That figure comes from new research jointly released by the Community College Research Center at Teachers College, Columbia University; the Aspen Institute College Excellence Program; and the National Student Clearinghouse Research Center. Dishearteningly, their new research shows that while nearly 80 percent of first-time community college students have the laudable ambition of completing a bachelor’s degree, only 16 percent manage to do so within six years. The percentages are even lower for more vulnerable students, including low-income, Black, Hispanic and older students.
Sixteen percent. This figure hasn’t moved much since the data was first collected; an earlier report from 2016, tracking community college students who first enrolled in 2007, found a bachelor’s degree completion rate of 14 percent. In short, despite years of dedicated work, we haven’t moved the dial on transfer student success.
As lifelong transfer champions, this outcome is a punch to the gut. But it’s even more tragic for the large numbers of students left behind with a trifecta of terrible: some college, no degree that might translate into a family-sustaining wage and student loan debt. In the U.S., we now have 40.4 million former students with some college and no degree.
In recent decades, education professionals and policymakers have raised the visibility of transfer; implemented new laws and policies to streamline the transfer process; supported more advising to help students navigate this complex transition; and advocated for transfer-specific orientation programs, transfer student centers and on-campus housing for transfer students. Organizations such as NISTS have regularly shared information about programs that serve transfer students effectively and have advocated relentlessly for their fair treatment in undergraduate education. Nationally, at least 36 states have implemented statewide transfer policies designed to streamline the process for students and to ensure, to the extent possible, that their courses will transfer for full credit.
Still, the brutal fact is that not even two in 10 students who start at a community college earn a bachelor’s degree.
How did we get here?
Some big picture takeaways have emerged. First, transfer between two- and four-year institutions is—to state the obvious—complex, but the evidence suggests that there is no collective desire to simplify the system. As students attempt to navigate the transfer transom, they swim in a college ecosystem of nearly 4,000 institutions. All of those institutions treat the transfer process differently, whether that be through a unique set of admissions requirements, nuanced credit acceptance practices or specific enrollment prerequisites. This inherent complexity results in a transfer pathway that is murky, unclear and confusing for students, especially our most vulnerable ones who have little or no “college knowledge.” While we celebrate the independence of a highly diffuse educational marketplace that meets the needs of different students, this institutional diversity also creates enormous headaches for students switching from one institution to another, frequently resulting in lost credit, “transfer shock,” and low degree-completion rates.

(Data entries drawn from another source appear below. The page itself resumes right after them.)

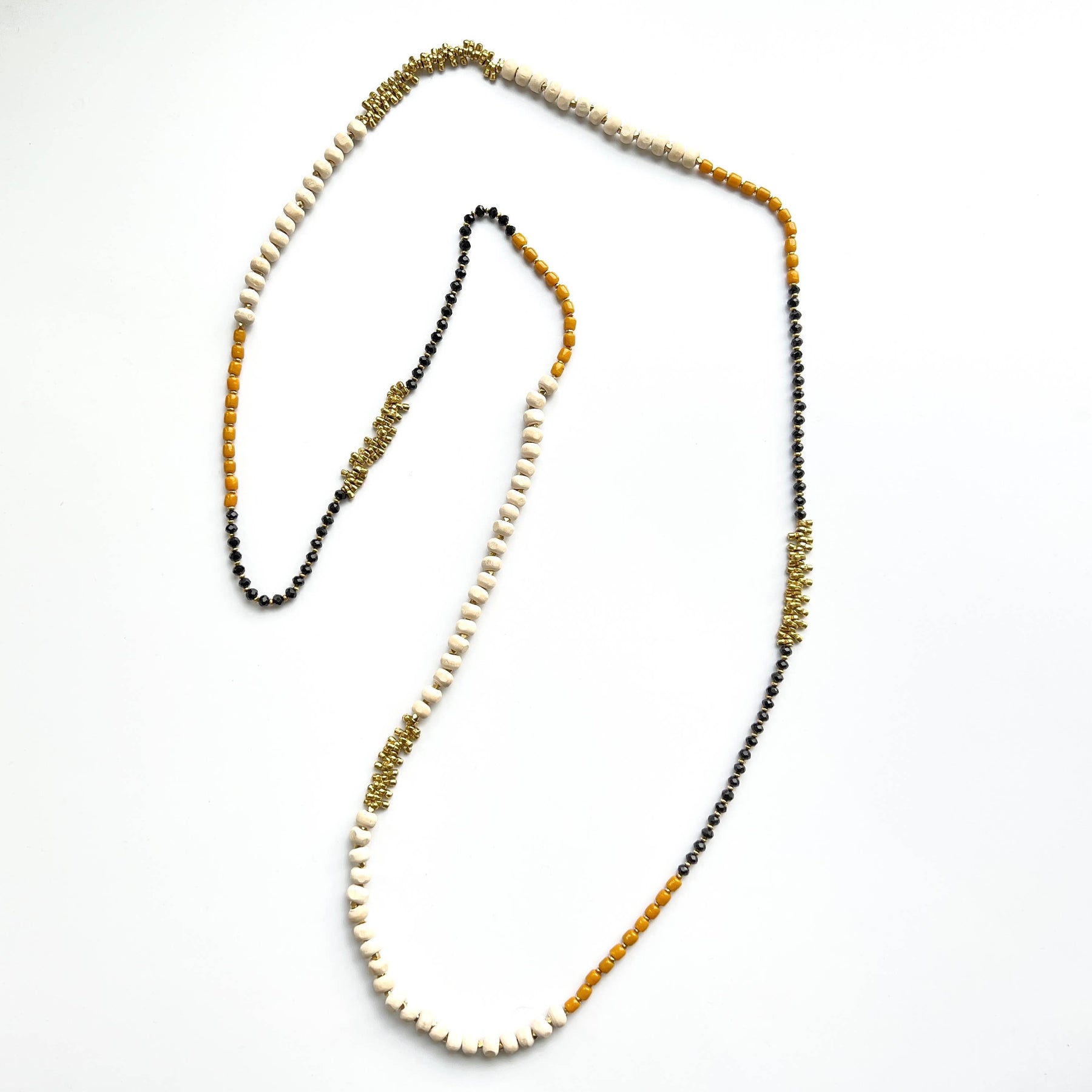 Wood and brass beaded necklace
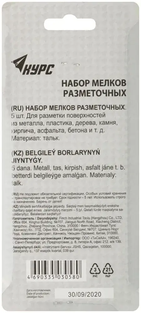 Мел сварщика разметочные тальковые 10 х 80 мм, набор 5 шт. для металла пластика дерева бетона
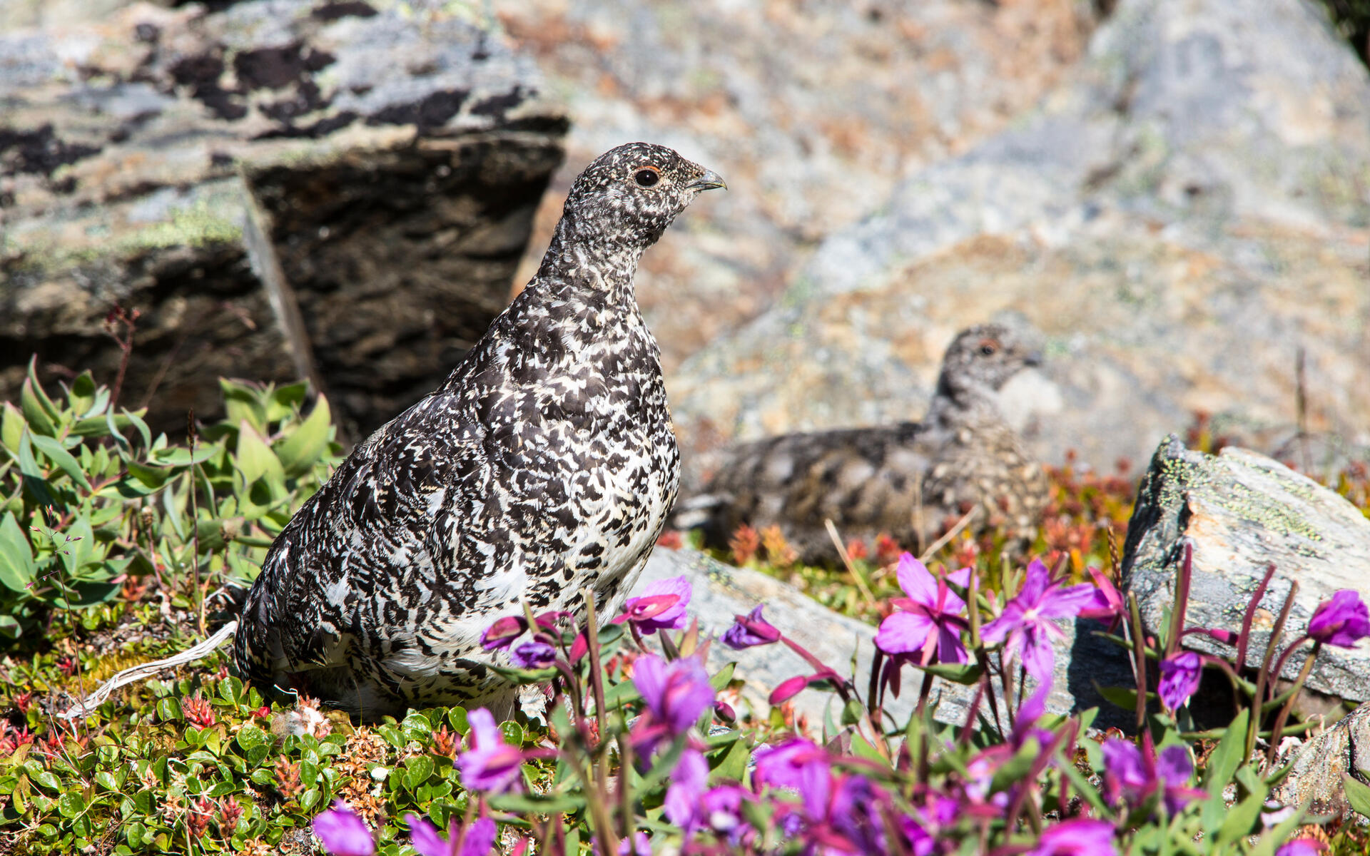 Feathery feet help ptarmigans travel on top of the snow during winter.

Second, as a nation, we have yet to understand that credit mobility— the ability of students to port their college credit from one institution to another—is an equity issue. As things stand, our nation’s most disadvantaged students are the ones most likely to lose their credits along their academic trajectories. Recent research has shown that only 58 percent of transfer students were able to transfer 90 percent or more of their community college credits, with more than one in 10 losing nearly all their credits. This lack of credit mobility means that these students are much less likely to ever graduate with the degree they sought to earn. (While we’re at it, finding a way to award working adults academic credit for their workplace-based learning is essential. Institutions have no problem awarding academic credit for the internships of traditional-age students. Equity demands that we find a way to do the same for working Americans.)
Short of dismantling everything, what are our next steps? Some argue that the last two decades of work set the stage for increased future transfer rates. Perhaps. Certainly, things like common course numbering and block-credit General Education plans have reduced complexity for students. Others will argue that more substantive innovations—such as guided pathways and the widespread reform of remedial courses in community colleges—have not yet had time to play out. In time, those innovations will build momentum toward a more robust transfer pathway.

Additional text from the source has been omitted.